In the second section, Hawkins discusses why general-purpose flexible artificial intelligence (AI) is still a long way off, despite the sweeping success of special purpose machine learning tools. He proposes several ideas about how AI might come about, what it might do for us, and whether or not it may be a good thing for humanity. Not surprisingly, he believes that true general-purpose artificial intelligence will only come about when computers can simulate something like his model of the cortex. He addresses whether an intelligent machine could be considered conscious and whether machine intelligence could overthrow humanity. (He thinks not.) This section sets out briefly and engagingly some of the technical and ethical issues that artificial intelligence people wrestle with.

The third section of the book discusses existential issues for humanity and our technology. He spends a chapter on the proliferation of false beliefs. Then he discusses whether we could upload our consciousness onto a computer, or perhaps merge with a computer, as portrayed in many works of science-fiction. (He thinks it will be much harder than often assumed.) This section uses some neuroscience language but does not make much use of his specific brain theory. Most humanists will find this section agreeable and well-written, but not original; the ideas are similar to what many other secular intellectuals say about these topics.

What can you learn from this book? Hawkins introduces some exciting ideas at the forefront of neuroscience research. Although this is my own area of research, I found the book stimulating and informative. However, I don’t agree that he’s found ‘the big picture’ in the puzzle for three reasons as follows.

First, although Hawkins calls the neocortex the engine of intelligence and disparages the ‘old brain’ at the core, the cortex is strongly and intimately interconnected with the ‘old brain,’ and it is hard to see how they could function separately. It’s perhaps more correct to think of the cortex as an add-on to the central and more primitive areas of the brain, similarly to how the many cores of a GPU greatly enhance the power of a CPU for many kinds of specific tasks but don’t function on their own.

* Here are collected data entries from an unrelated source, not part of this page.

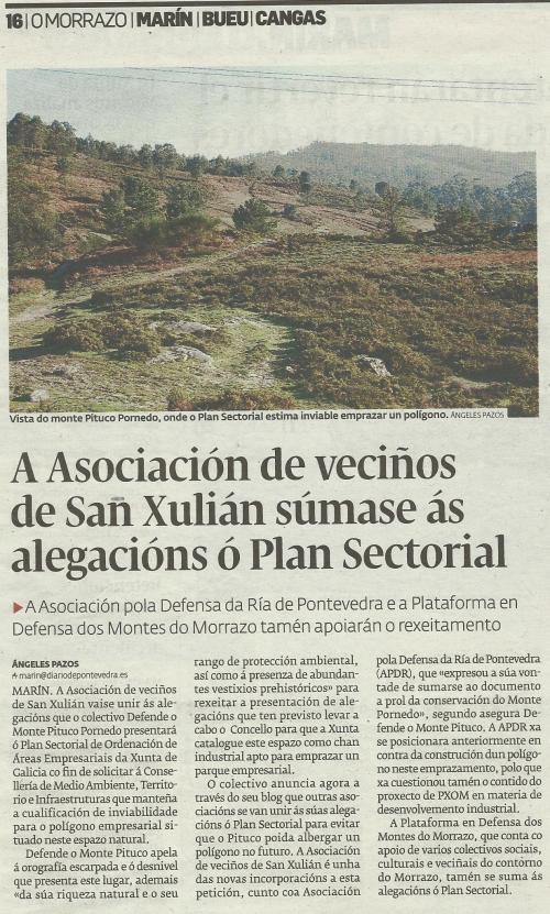 Como xa se anunciou nesta páxina, e así o vén de recoller o Diario de Pontevedra na súa edición de hoxe, a Asociación de Veciños de San Xulián, a Asociación pola Defensa da Ría e a Plataforma en Defensa dos Montes do Morrazo van presentar alegacións para que o Goberno autonómico manteña ese criterio e ignore o recurso do Concello de Marín, que segue reclamando a instalación un parque empresarial no Pornedo.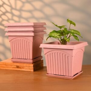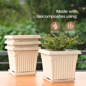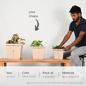 Earth Friendly 10″ Archway Planters with Tray | Set of 4 | Plant Pot Made with Rice Husk Biocomposite | UV Protected | Drainage Hole | Pots for Indoor, Outdoor, Balcony & Garden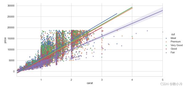 如果想更準(zhǔn)確地觀察cut對(duì)鉆石價(jià)格的影響,可以通過lmplot在散點(diǎn)圖的基礎(chǔ)上繪制一個(gè)趨勢(shì)線出來。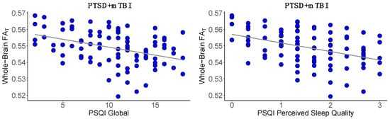 Association between sleep quality and whole-brain FAT. Note. PSQI, Pittsburgh Sleep Quality Index []; PTSD, post-traumatic stress disorder; mTBI, mild traumatic brain injury; FAT, fractional anisotropy tissue. This figure illustrates the significant negative association between global sleep quality and whole-brain FAT (p < 0.001) and between perceived sleep quality and whole-brain FAT (p < 0.001). Lower scores on the PSQI scales represent better sleep quality.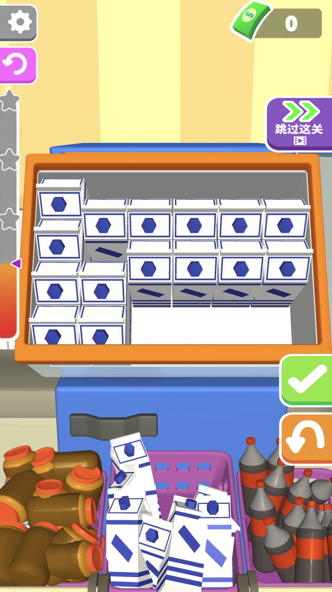 3、购物篮不断的清空,一个接一个的放置在合理的位置上玩得十分开心。

Bird neuroscientists argue that the cortex isn’t such an efficient way to have intelligence at all. With their nut-sized brains, birds are capable of some very intelligent activities but do so entirely without a cortex, utilizing their circuitry much more efficiently. Some argue that the repeated modular organization of the cortex, with its many repeating units, is a genetically efficient way to generate during embryonic development varying amounts (in our case a lot) of general-purpose brain tissue but is not the optimal way to produce intelligence.

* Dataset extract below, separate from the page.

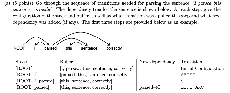Dependency parser는 각 단어들 사이의 관계를 학습하면서 문장의 문법적인 구조를 나타낼 수 있다. 이번 과제는 transition-based parser로서, 순차적으로 하나씩 parsing 해나간다. Parser는 다음과 같은 구성을 지닌다.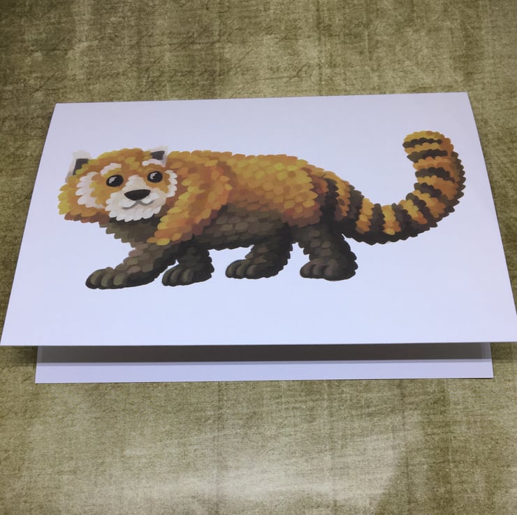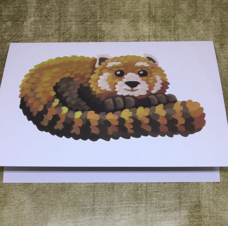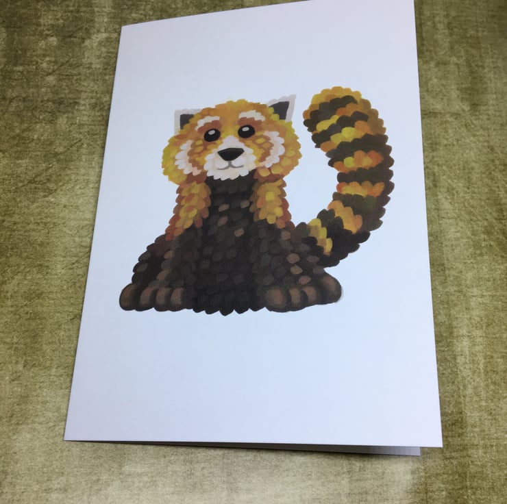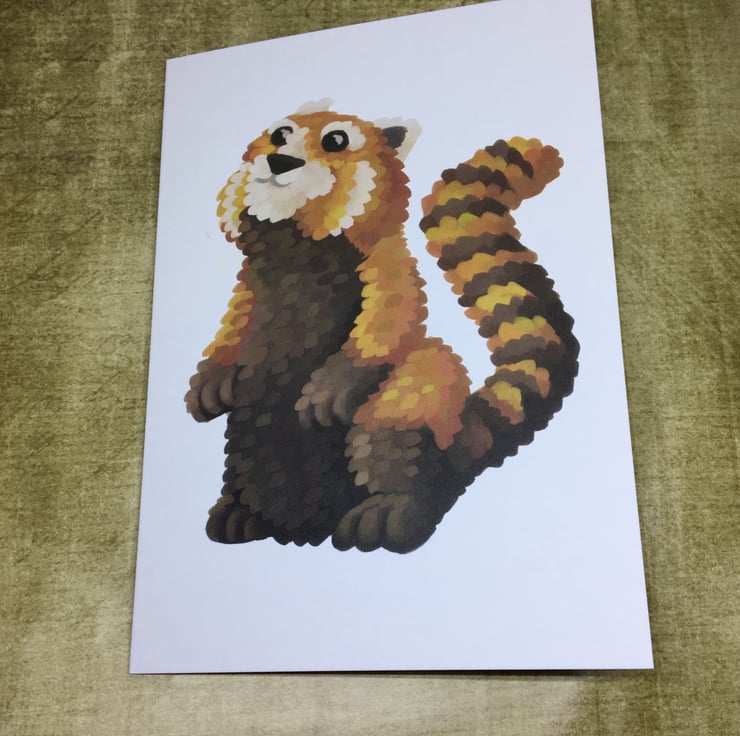 A red panda blank greeting card by DuffleCat Prints (Damian Case). Front of card with design on is Gloss coated. Back of card is blank and uncoated for your message. 127mm x 177.8mm. 330gsm card stock.

Second, Hawkins works hard to explain how the mini-columns may work, but only toward the end of the first section do we get a rather vague page and a half explaining how they may all be connected into a single brain by ‘voting.’ Recent recordings show that there are specific correlations between different neurons in very distant cortical areas, suggesting that circuitry across mini-columns is as important as circuitry within them.

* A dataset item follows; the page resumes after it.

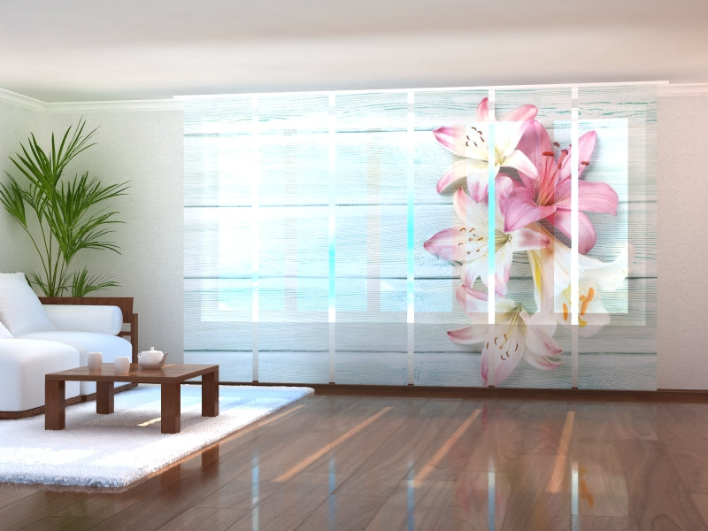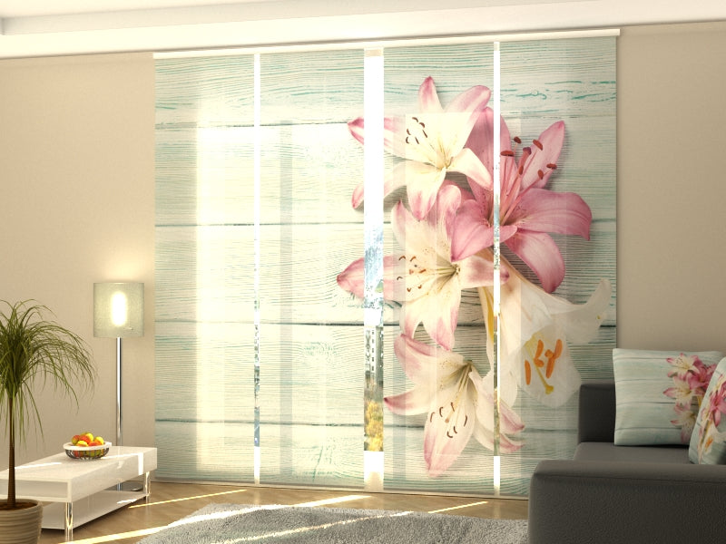 Schiebegardinen Bunte Lilien auf Holz

Third, when discussing how human beings learn “predictive models” of the world, Hawkins takes for granted an individualistic framework; he speaks entirely in terms of a person’s own perceptions and feedback from the experience. He says nothing about how social learning and relationships help shape (and distort) one’s perception of the world.

While my interpretations of the data are quite different from those of the author, I found the book energizing and educational. The foreward says that it is an exhilarating book and you should not read it just before going to bed. If you are a science nerd, then I would agree.